- Dmanisi historic site
- Flag Seal
- Interactive map of Dmanisi Municipality
- Country: Georgia
- Mkhare: Kvemo Kartli
- Administrative centre: Dmanisi

Government
- • Type: Mayor–Council
- • Body: Dmanisi Municipal Assembly
- • Mayor: Koba Muradashvili (GD)

Area
- • Total: 1,198.8 km^{2} (462.9 sq mi)

Population (2021)
- • Total: 20,922
- • Density: 17.452/km^{2} (45.202/sq mi)

Population by ethnicity
- • Azerbaijanis: 65,5 %
- • Georgians: 33,1 %
- • Armenians: 0,5 %
- • Greeks: 0,5 %
- • Russians: 0,4 %
- Time zone: UTC+4 (Georgian Time)
- Website: dmanisi.gov.ge

= Dmanisi Municipality =

Dmanisi (დმანისის მუნიციპალიტეტი, Dmanisis munitsip’alit’et’i) is a municipality in Georgia's southern region of Kvemo Kartli, covering an area of 1198.8 km2. As of 2021 it had a population of 20,922 people. The city of Dmanisi is its administrative centre.

== Geography ==
The municipality of Dmanisi is bordered to the north by Tsalka Municipality, to the northeast by Tetritsqaro Municipality, the east by Ninotsminda Municipality, and to the west by Bolnisi Municipality. The south is also located along the Armenia–Georgia border.

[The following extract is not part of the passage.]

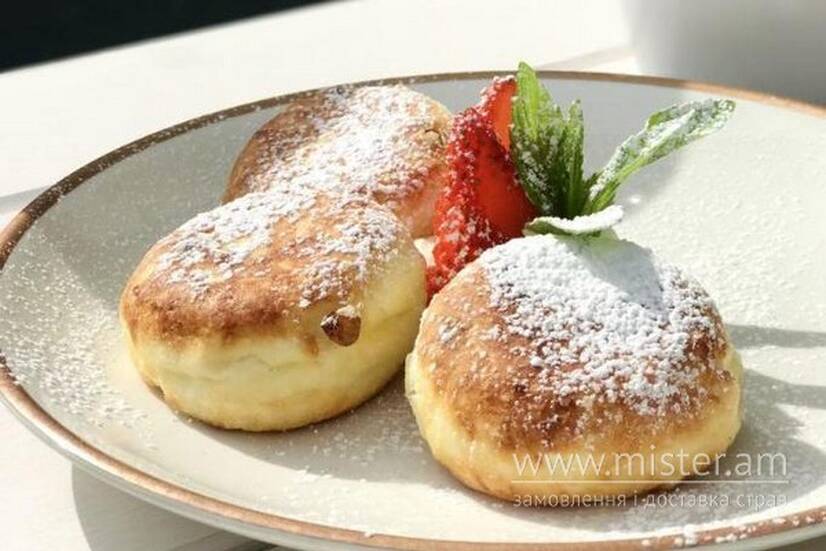 Ятрань Улюблені сирники без борошна, подаються з густим йогуртом і полуничним кюлі

Most of the municipality is occupied by low mountain ranges, which are forested in the eastern part and reach heights of 1,500–1,900 m at the ridges. In the sparsely populated western part, the Javakheti Range rises to about 3,000 m; the highest peaks on the range's border with the Meskhetia-Javakheti region are Emlikli (3,054 m) and Aghrikari (2,972 m).

==Administrative divisions==
Dmanisi municipality is administratively divided into 15 communities (თემი, temi) with 57 villages (სოფელი, sopeli) and one city (Dmanisi).

==Population==
The population of Dmanisi Municipality is 20,922 according to the 2021 estimate, which is a slight increase from the last census of 2014 (19,141). The ethnic composition is 31.2% Georgian, 65.5% Azerbaijani. The population density is 17.5 people per square kilometer.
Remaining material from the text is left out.